First, the benefits are seen throughout the entire audit life cycle, from planning to the engagement (which gets more precise conclusions more quickly) to the recommendation and corrective action, when analytics can be set up to sustain the remediation. Second, there can be multiple beneficiaries, including the ethics and compliance, enterprise risk management, and IT security functions.
“When they carry out continuous monitoring, you’ve got more beneficiaries, more sponsors to whom you can deliver a larger benefit and increase the return on investment,” Ames said.
With that in mind, one thing that can seriously inhibit implementation and usefulness of continuous auditing and continuous monitoring is organizational restructuring, Ames said. He said that a compliance team may be in place and working with internal audit as a strong sponsor of continuous monitoring and auditing, only to have management priorities changed by restructuring. That can lead to frustration in implementing and executing continuous auditing and continuous monitoring. (Ames further discusses the conditions an organization must have in place to successfully implement continuous auditing and continuous monitoring, below in “Do you have what it takes?”)
The focus on continuous monitoring and auditing does not decrease the need for assurance through the traditional audit reporting that internal auditors have performed for many years.

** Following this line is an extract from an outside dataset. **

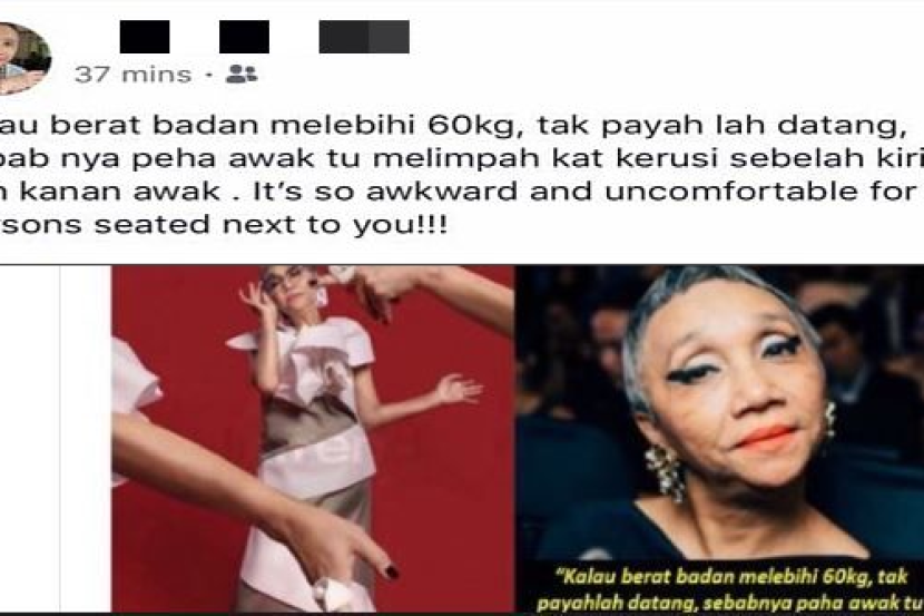 Dalam pada itu, status kontroversi Kak Zai mengenai isu berat badan itu dipercayai sudah dipadam dari laman Facebook peribadinya.
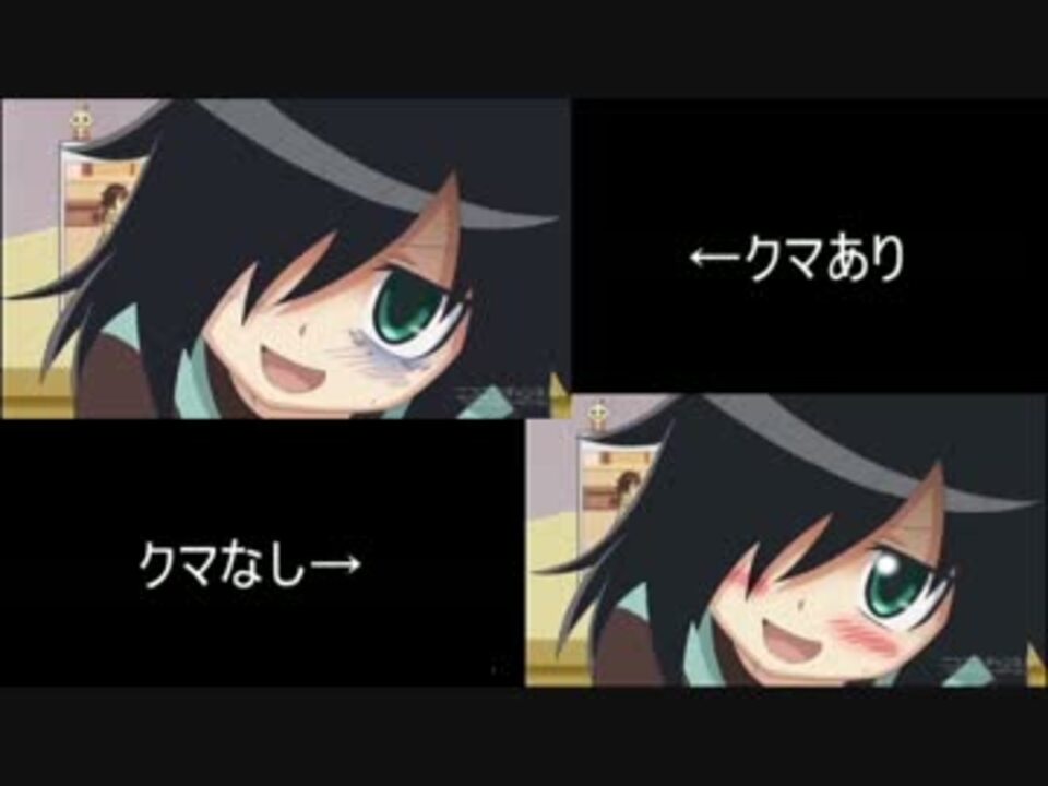 比較動画です。目の下のクマを消してみたんだけど【わたモテエンディング】<a href="https://www.nicovideo.jp/watch/sm21386982" class="watch">sm21386982</a>と比較しました。少し見にくい部分があるかもしれません。それから、タイトルの文字数の都合上タイトルを少し変更してあります。

Despite all the technological developments of past years, companies remain focused on the fiscal-year quarterly metrics because of regulatory reporting requirements.
External audit requirements also tie some of the traditional internal audit reporting to the fiscal year. But the continuous monitoring does change the focus of some of the traditional internal audit projects.

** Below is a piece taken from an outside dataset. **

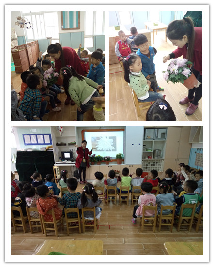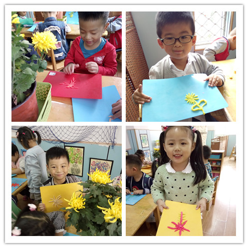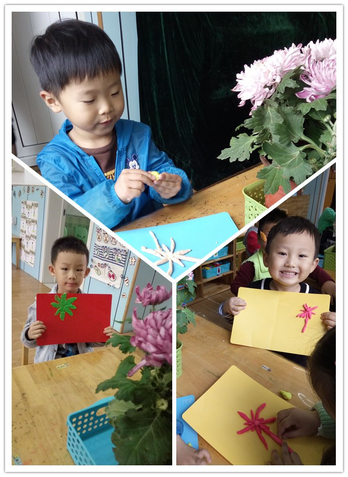 秋天到了,美丽的菊花开放了,我们把菊花请到了班级里,和小朋友一起观赏,那我们来一起看看有哪些菊花吧! 菊花有好多漂亮的颜色啊,有黄色、淡紫色的、红色等等,欣赏完了菊花,我们来自己动手做一做,你们看,我做的是不是很像啊! |
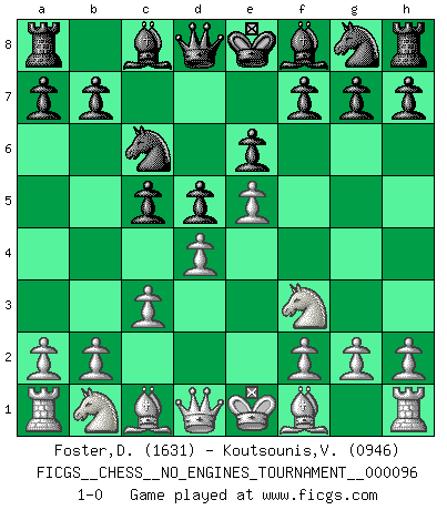 Last move : 1-0 2018 February 26 15:30:43 [Event "FICGS__CHESS__NO_ENGINES_TOURNAMENT__000096"] [Site "FICGS"] [Date "2018.01.16"] [Round "1"] [White "Foster,Duncan"] [Black "Koutsounis,Vassilios"] [Result "1-0"] [WhiteElo "1631"] [BlackElo "0946"] 1.e4 e6 2.d4 d5 3.e5 c5 4.c3 Nc6 5.Nf3 1-0 This chess game has been lost on time (started : 2018.01.16 13:55:15) French : Advance, Paulsen attack Player White won this chess game. Follow this game move after move (download)Weak points or holes in the opponent's position must be occupied by pieces not Pawns. (Siegbert Tarrasch) Zum Sieg gelangt man nicht, wenn man gut, sondern nur wenn man besser spielt (Savielly Grigorievitsch Tartakower) Si pudieramos observar el interior de la cabeza de un jugador de Ajedrez, encontraríamos ahí un mundo lleno de sentimientos, imágenes, ideas, emoción y pasión. (Alfred Binet) Votre seul travail dans les ouvertures est d'obtenir un milieu de partie jouable. (Lajos Portish) The hypothalamus is one of the most important parts of the brain, involved in many kinds of motivation, among other functions. The hypothalamus controls the 'Four Fs: Fighting, Fleeing, Feeding and Mating. (Unknown author)

“Anytime you’re dealing in real time, it shifts the dynamic from triage after the fact to saying, ‘Here’s what we found. Here’s what we fixed. Here’s what we’re doing differently already,’ by the time you report to the board. It compresses the dynamic of audit identification and problem-solving. It can compress it in a way that you can report the solution, if not the status,” Wright said.
In turn, traditional internal auditing and reporting can also spur additional continuous monitoring that can produce further improvements for the organization. At HP, internal auditors performing traditional fieldwork were asked to identify three to five leading and lagging indicators in the areas they were auditing that would sustain remediation and provide new metrics to monitor.

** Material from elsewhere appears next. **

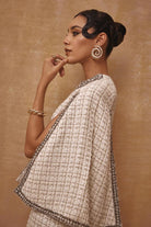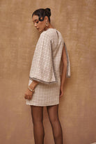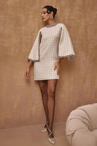 Finely crafted metallic tweed dress with contrast tweed trims and hand embellished pearl buttons.
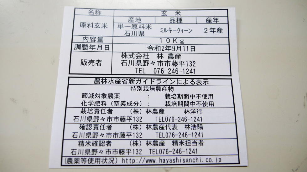 例えば林さんちのお米だと産地は、もちろん石川県です。

Meanwhile, Ames has seen the HP internal audit planning function become much more strategic and future-focused. And internal audit is planning collaboratively with the risk/compliance function as a strategic partner.
“It’s not just good enough to have the technical capacity and the standardized data,” Ames said. “You have to have the coordination and relationship management capacity to plan jointly with the second line of defense and the compliance function. … We have quite a program in HP that builds up [compliance personnel] and trains them, equips them with technology and the standardized data, and sets the expectation for monitoring risk. That requires leadership.”
Ken Tysiac is a JofA editorial director. To comment on this article or to suggest an idea for another article, contact him at ktysiac@aicpa.org or 919-402-2112.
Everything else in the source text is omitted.